That’s what I tell myself when I sit with them,
pretending to belong.
But they don’t see me.
Not really.

To them, I’m the quiet one,
The innocent one,
The dumb one.
The child playing at adulthood,
Too naive to understand the world they walk.
They think I don’t notice how they talk down to me,
The way they smile when I speak of my dreams.
Like I’m too soft to notice
the sharpness of their words.

But I am not a child,
And I am not innocent.
I am a girl who learned
How to smile through the ache,
How to laugh through the hollow,
How to pretend that I don’t feel the walls closing in.

They think I’m easy to fool,
That I won’t catch the way they roll their eyes
When I speak of the things I love.
The toys that make me smile,
The lines of  books that cling to my soul,
The songs I bury myself in &
the piano and violin melodies
that feel like home in a world too loud.
All dismissed, waved off, ridiculed,
Labeled childish, unworthy of their time.
Like my joy is an inconvenience to their lives.

But I notice.
I notice everything.
I notice how they’ve built me in their minds—
A fragile thing,
easy to break, easy to ignore.
They have no idea what it’s like to be me.

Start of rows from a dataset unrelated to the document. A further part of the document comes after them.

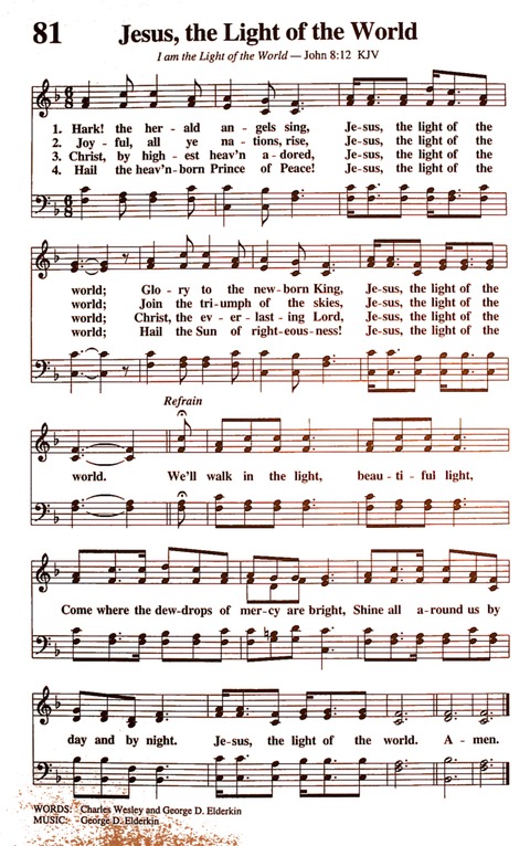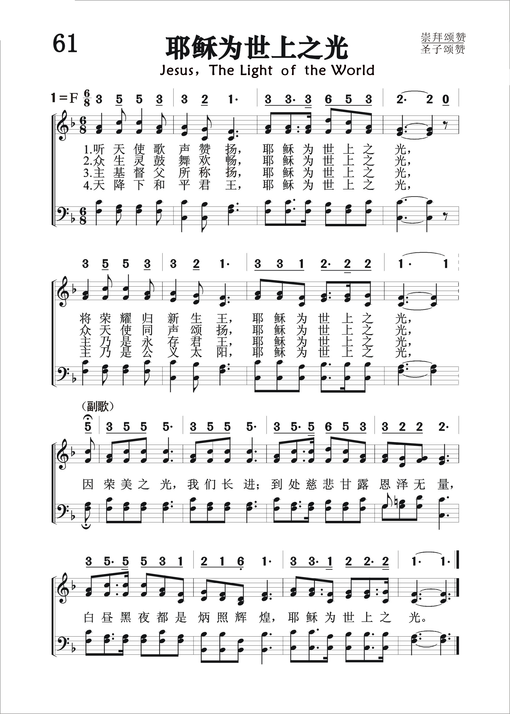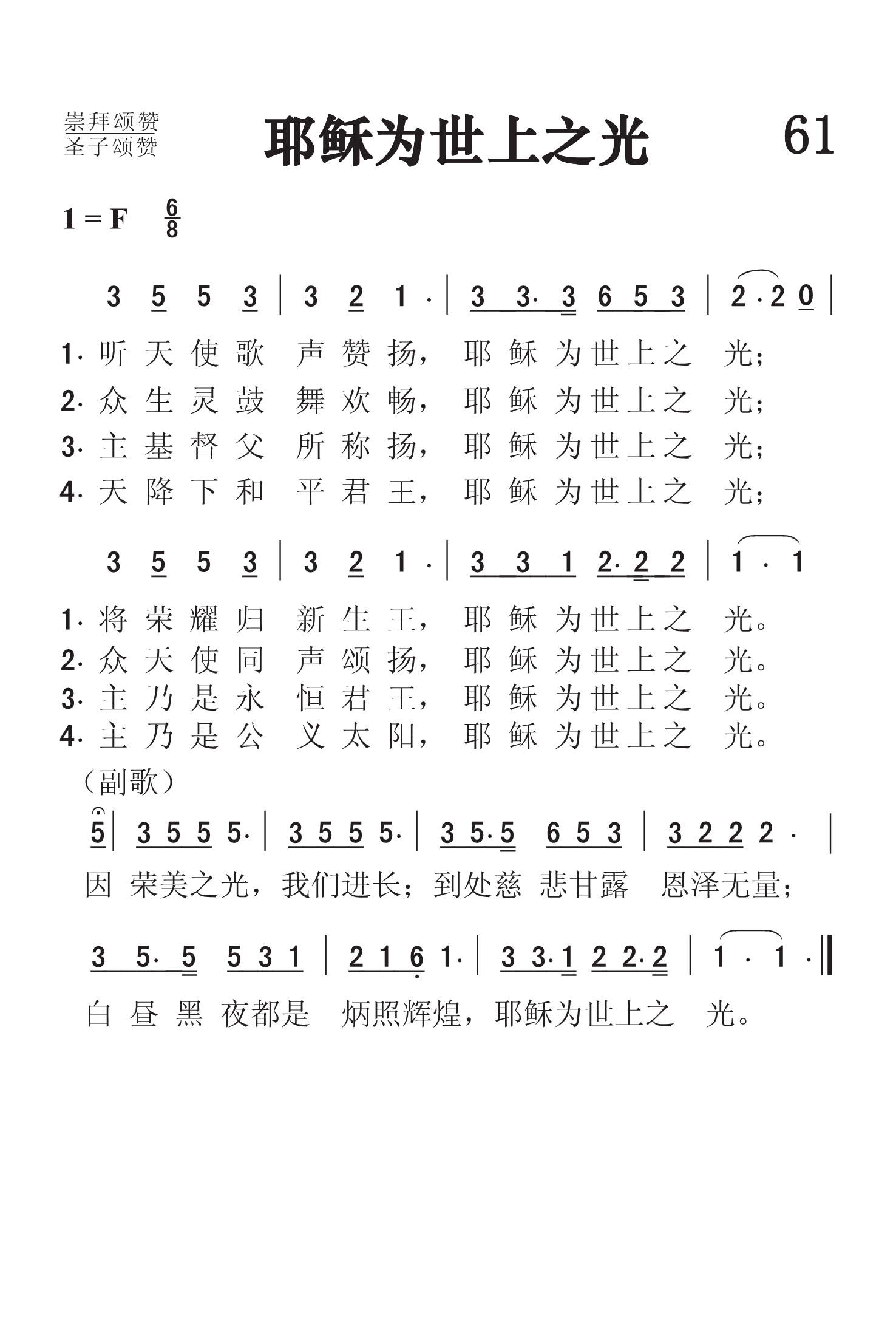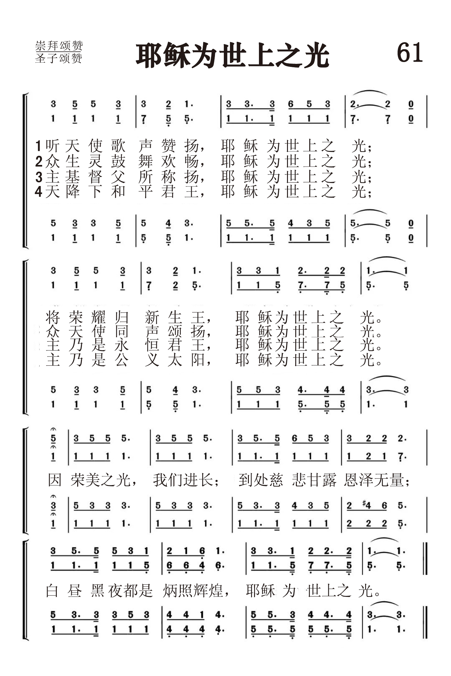 第61首耶稣为世上之光 Jesus,the Light of the World 埃尔德金(George D.Elderkin,1845-1928)改编 听天使歌声赞扬,耶稣为世上之光; 将荣耀归新生王,耶稣为世上之光。 众生灵鼓舞欢畅,耶稣为世上之光; 众天使同声颂扬,耶稣为世上之光。 主基督父所称扬,耶稣为世上之光; 主乃是永恒君王,耶稣为世上之光。 天降下和平君王,耶稣为世上之光; 主乃是公义太阳,耶稣为世上之光。 因荣美之光,我们进长,到处慈悲甘露恩泽无量; 白昼黑夜都是炳照辉煌,耶稣为世上之光。 本诗的原作者已无从知晓,改编者乔治.埃尔德金曾编辑过七本赞美诗集。他自己作词的有溜首,作曲的有七首。 本诗以耶稣为世上之光为主题,尽情颂赞主的恩德。主耶稣是自天而降的生命之光,是公义的日头,照亮一切生在黑暗之中的人,无论白昼黑夜均炳照辉煌,祂也是基督徒属灵成长的甘露和时雨。
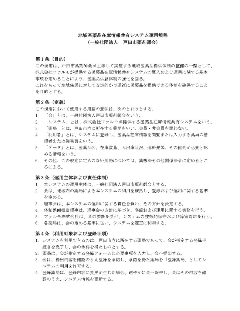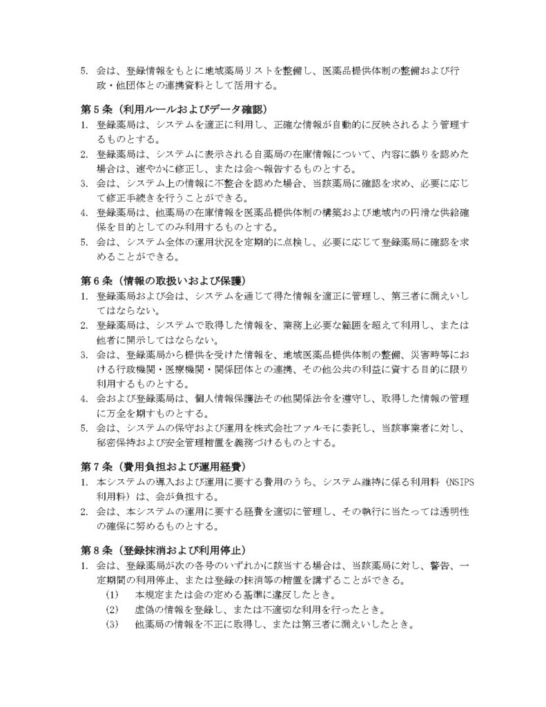 地域医薬品在庫情報共有システム運用規程について
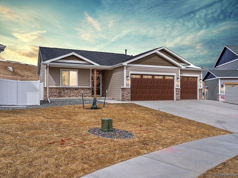 This spacious ranch-style home has so much to offer! Beautiful finishes including white and grey cabinets, quartz counters, hardwood floors, fireplace, AC, front and back yard landscaping and fence. Charming! Close to everything and move-in-ready! Spectacular views, walking path, and park! Too new for GPS. Dell Range to Connie to Sullivan. Sullivan turns into Carla.

They don’t know how my hands shake
When I hold back tears in front of them.
They don’t know how many words I swallow
Just to keep the peace,
How many pieces of myself I’ve hidden
To make them more comfortable.

They laugh at me.
Not with me.
They think I don’t see it,
That I don’t feel it—
The subtle cruelty hidden in their jokes,
The way they twist my softness into stupidity.

I am but a pitiful inclusion
of their conversations.
A mere placeholder in their group.
A shadow they barely notice
Until they need to feel smarter, stronger, better.

And I let them.
Because it’s easier to stay quiet,
To let them believe they’re right,
Than to fight against the weight of their indifference.

In the end, I shrink.
I fold myself into something smaller,
Something quieter,
Until I am nothing more than the version they created—
A shadow of myself,
Easy to laugh at, easy to control.

But inside, I’m screaming.
Inside, I’m crying.
Because I don’t know how to explain
What it feels like to be surrounded
And still feel like the loneliest person in the room.

They think they know me.
But how could they?
They’ve never looked past the smile I force,
Never wondered why my hands tremble,
Why my breath falters,
Why my voice sometimes dies in my throat.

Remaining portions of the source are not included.